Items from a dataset
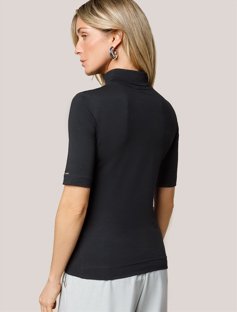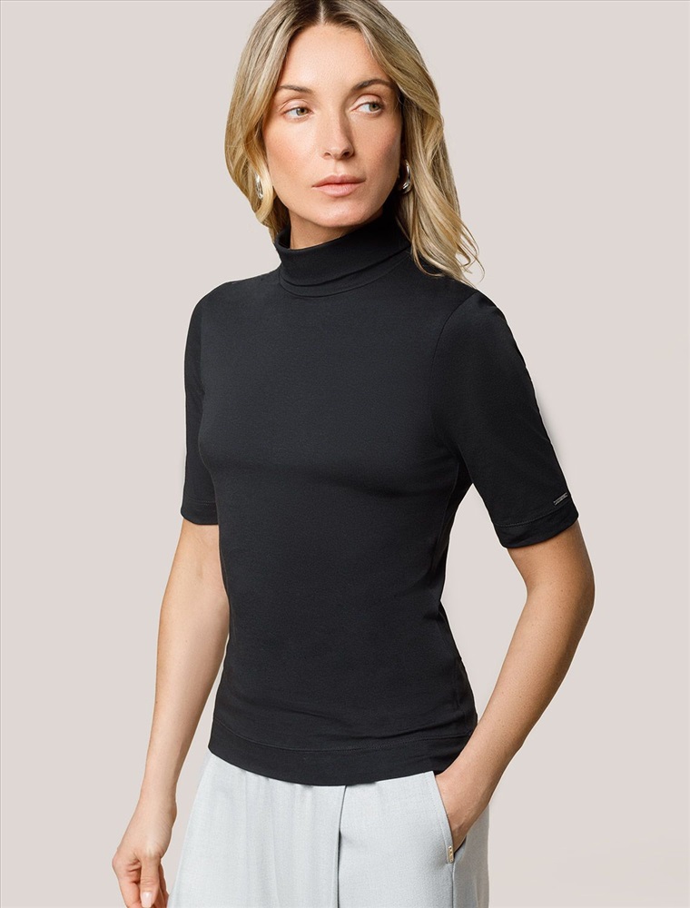 Плотность: 170 Г/м2 Параметры модели на первом фото: Рост 172, бюст 88, талия 64, бедра 88 Водолазка с коротким рукавом выполнена из премиального хлопка с добавлением эластана. Гладкий трикотаж обеспечит гарантированный комфорт и удобство в использовании. Внизу изделия металлическая нашивка с логотипом бренда. Совет стилиста: водолазка может заменить рубашку в нестрогом офисном образе или подружиться с джинсами-трубами, жилетом и кедами в расслабленном повседневном наряде. Комментарии к товару
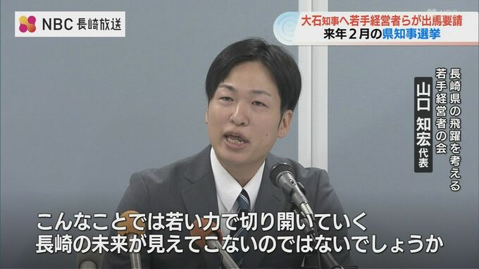 任期満了に伴う2026年2月の県知事選挙を巡り、長崎県内の若手経営者らが22日、現職の大石知事へ出馬を要請しました。
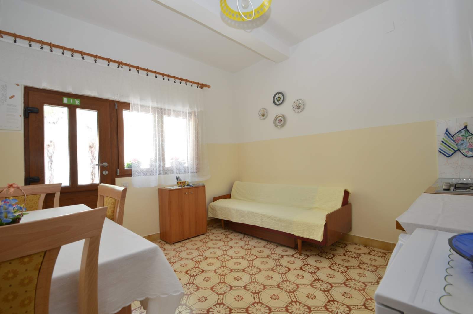 Apartment Kadin is located in the peaceful Malin area of Mali Lošinj, just a short walk from the sea and the town center. Positioned on the ground floor of a family house, it offers comfortable accommodation for two guests, featuring a bedroom with a double bed, a cozy living area with dining space, and a practical kitchen equipped with a fridge, stove and coffee maker. The bathroom includes a bathtub for added comfort. Guests can enjoy a private terrace surrounded by greenery, perfect for relaxing in a quiet outdoor setting. Nearby, the beautiful Kadin Beach offers crystal-clear waters, along with other easily accessible town beaches. The Museum of Apoxyomenos, one of the island’s most important cultural attractions, is located just 200 meters away in the center of Mali Lošinj. For exploring the island, bicycles and scooters can be rented through the Mediteran agency: Rent a Bike Lošinj and Rent a Scooter Lošinj. The apartment’s location provides the perfect balance of tranquility, nature and access to all amenities.
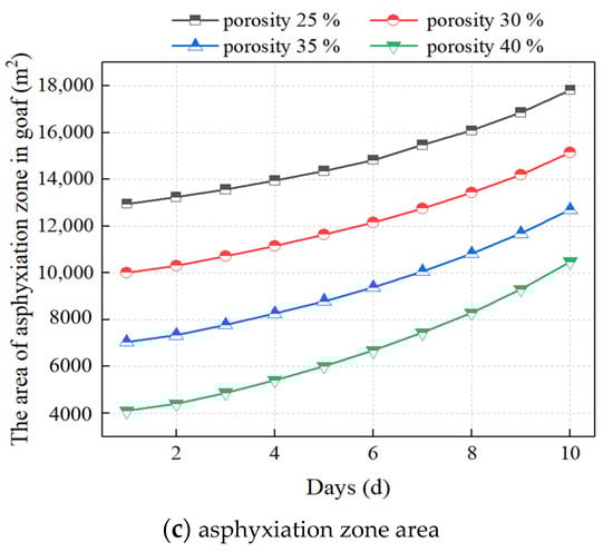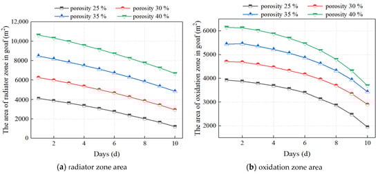 The calculation of the CSC three zones’ area can be performed through the integration method, as shown in Figure 12. It is evident that the porosity has a significant impact on the area of the three zones. For instance, when the goaf porosity is 25%, the radiator and oxidation zones’ area decrease with time from 4105.75 m2 and 3928.24 m2 to 1200.41 m2 and 1951.11 m2, respectively. In contrast, the asphyxiation zone’s area increases with time from 12,951.10 m2 to 17,817.64 m2. The oxidation zone is the region where CSC occurs frequently and is the focus of much scholarly attention. When the goaf porosity is 25%, the variation in the oxidation zone area with time ranges from 1951.11 m2 to 3928.24 m2 only, whereas when the goaf porosity is 40%, the variation in the oxidation zone area with time ranges from 3699.07 m2 to 6156.88 m2. It can be seen that the higher the goaf porosity, the higher the oxidation zone area and the higher the CSC risk.
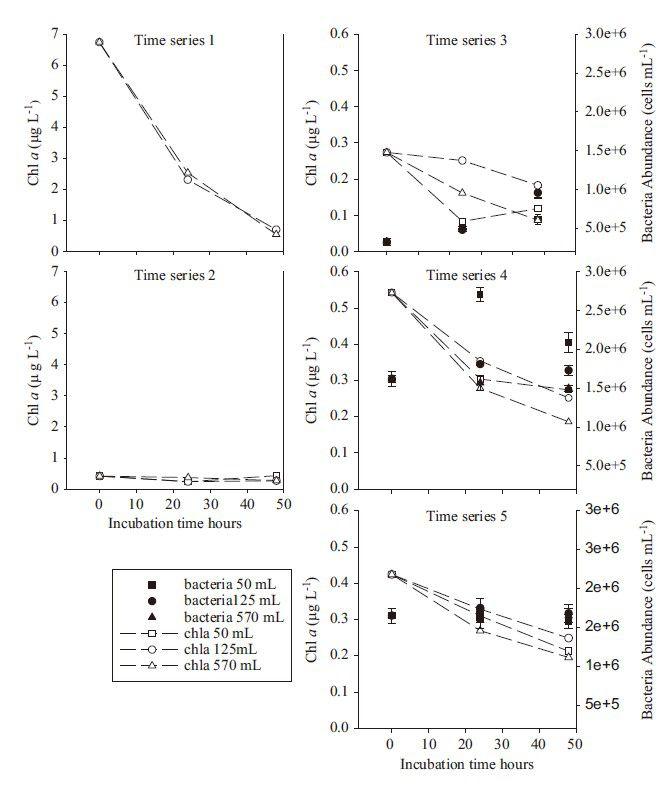 圖2.不同時(shí)間序列實(shí)驗(yàn)中的葉綠素a濃度和細(xì)菌豐度。
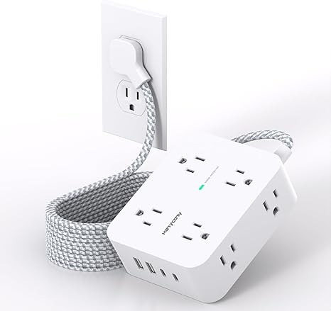 • 【Extension Cord with Multiple Outlets】The HANYCONY long cord power strip features a unique 3-sided design, transforming a single socket into 8 wide-spaced outlets and 4 USB charging ports. This allows you to power up to 12 devices simultaneously without the need for multiple converters. The 2.2-inch spacing between outlets accommodates larger adapters without any obstruction
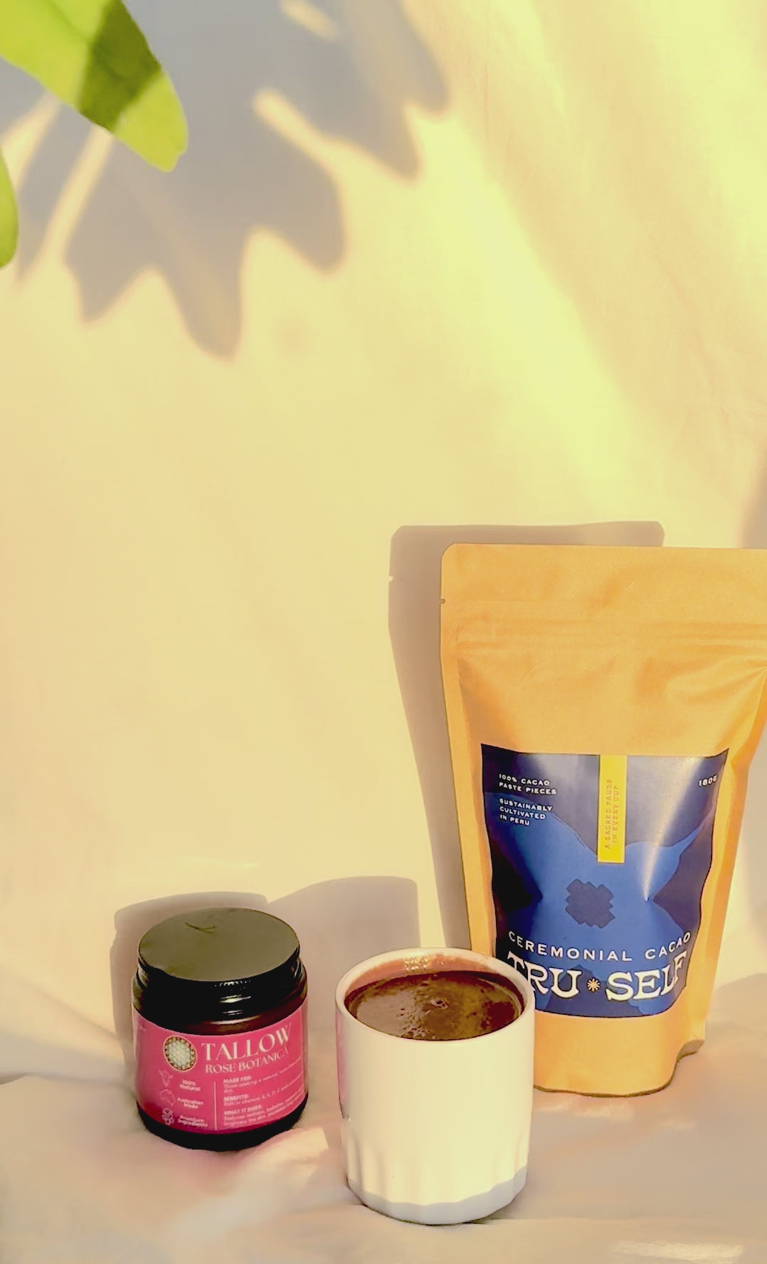 Each element of this bundle works together to calm, hydrate, and rejuvenate the skin while supporting emotional clarity, presence, and self-connection. Using 100% Australian grass-fed & finished tallow, botanical infusions, and ceremonial cacao, this ritual invites you into a deeper, more embodied experience of beauty and nourishment.
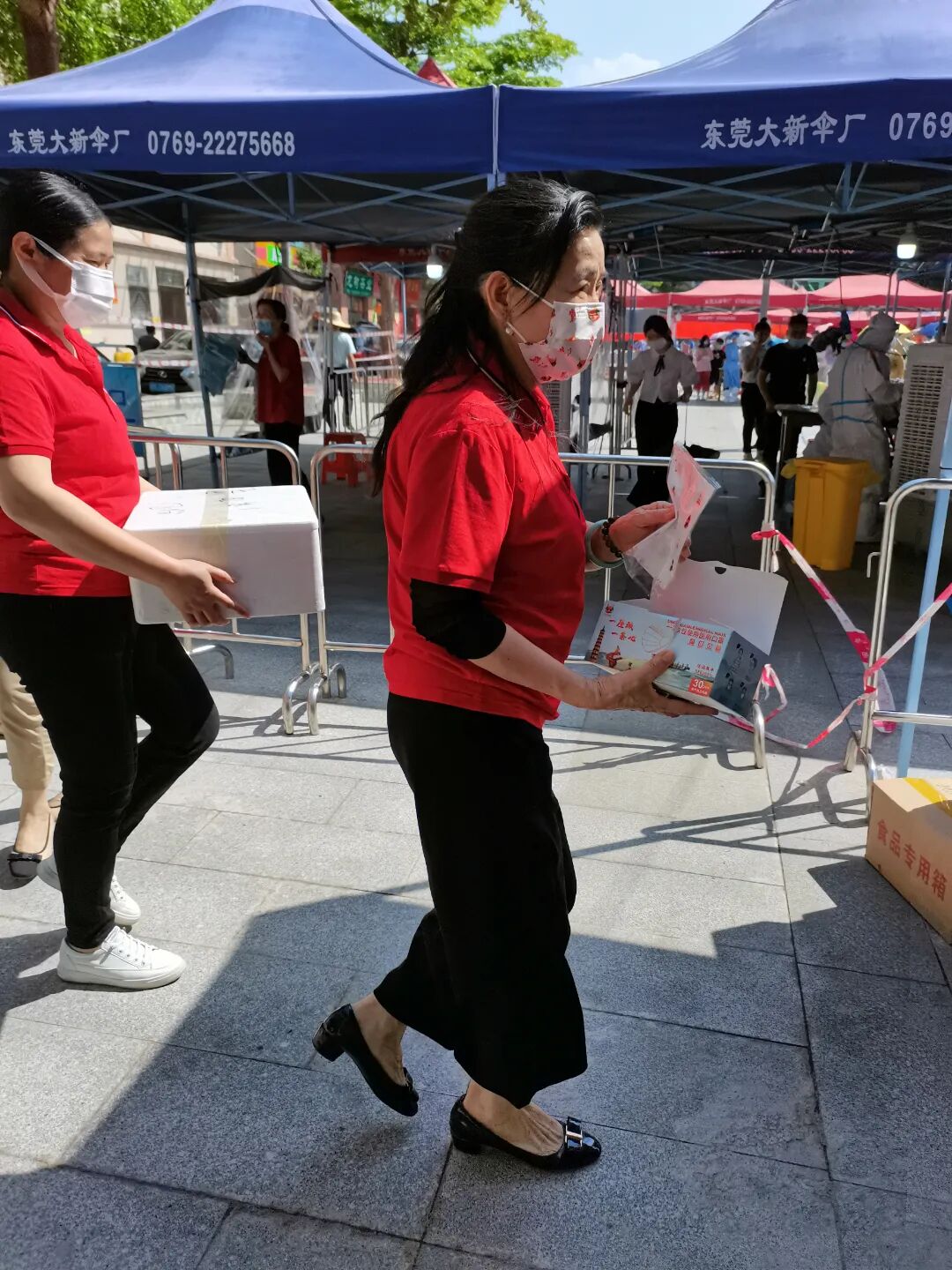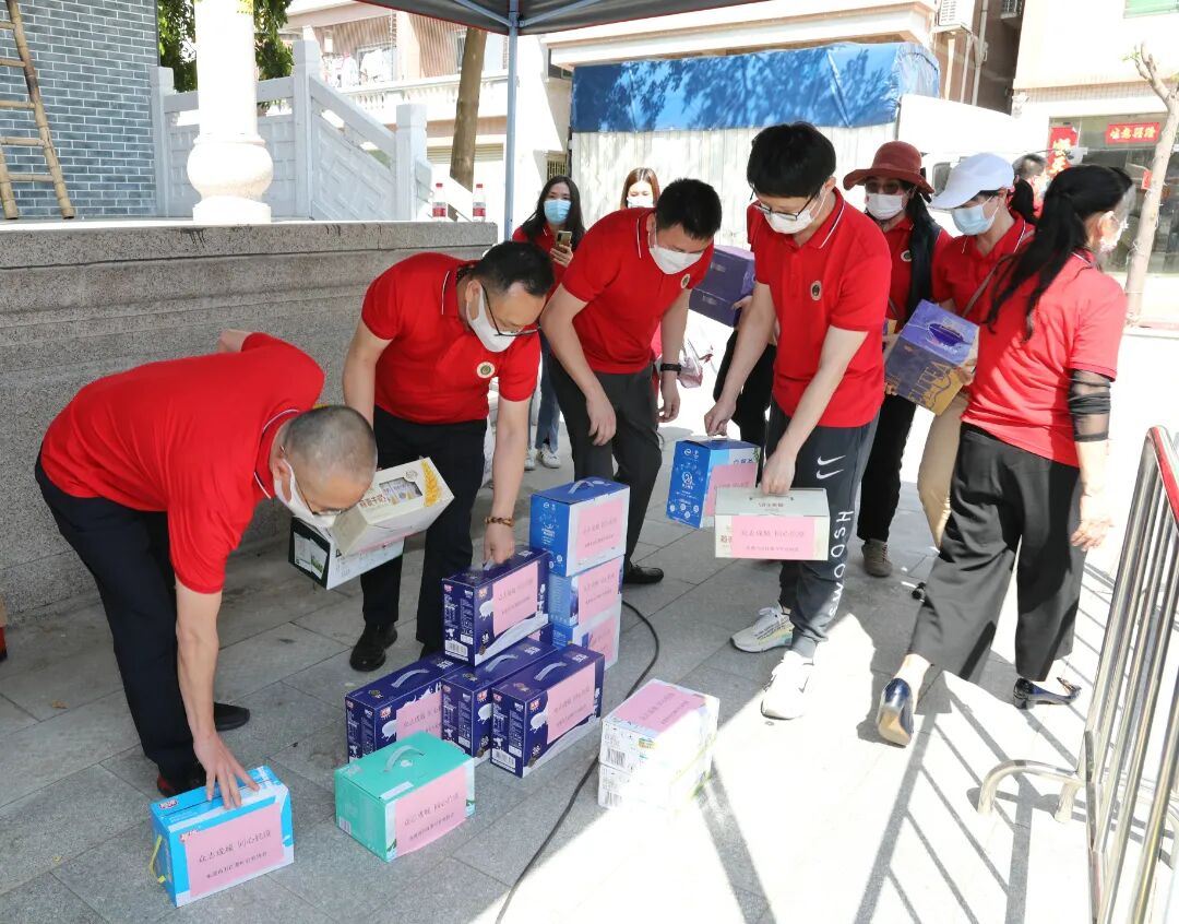 4月8日,万江石美社区开展全员核酸检测,协会组织会员代表看望慰问奋战在抗疫一线的工作人员。

Activity
Lines before the one containing "Each element of" are not wanted; write out that line and every later line through the end of the data above, exactly, without pictures.

Answer box
 Each element of this bundle works together to calm, hydrate, and rejuvenate the skin while supporting emotional clarity, presence, and self-connection. Using 100% Australian grass-fed & finished tallow, botanical infusions, and ceremonial cacao, this ritual invites you into a deeper, more embodied experience of beauty and nourishment.
 4月8日,万江石美社区开展全员核酸检测,协会组织会员代表看望慰问奋战在抗疫一线的工作人员。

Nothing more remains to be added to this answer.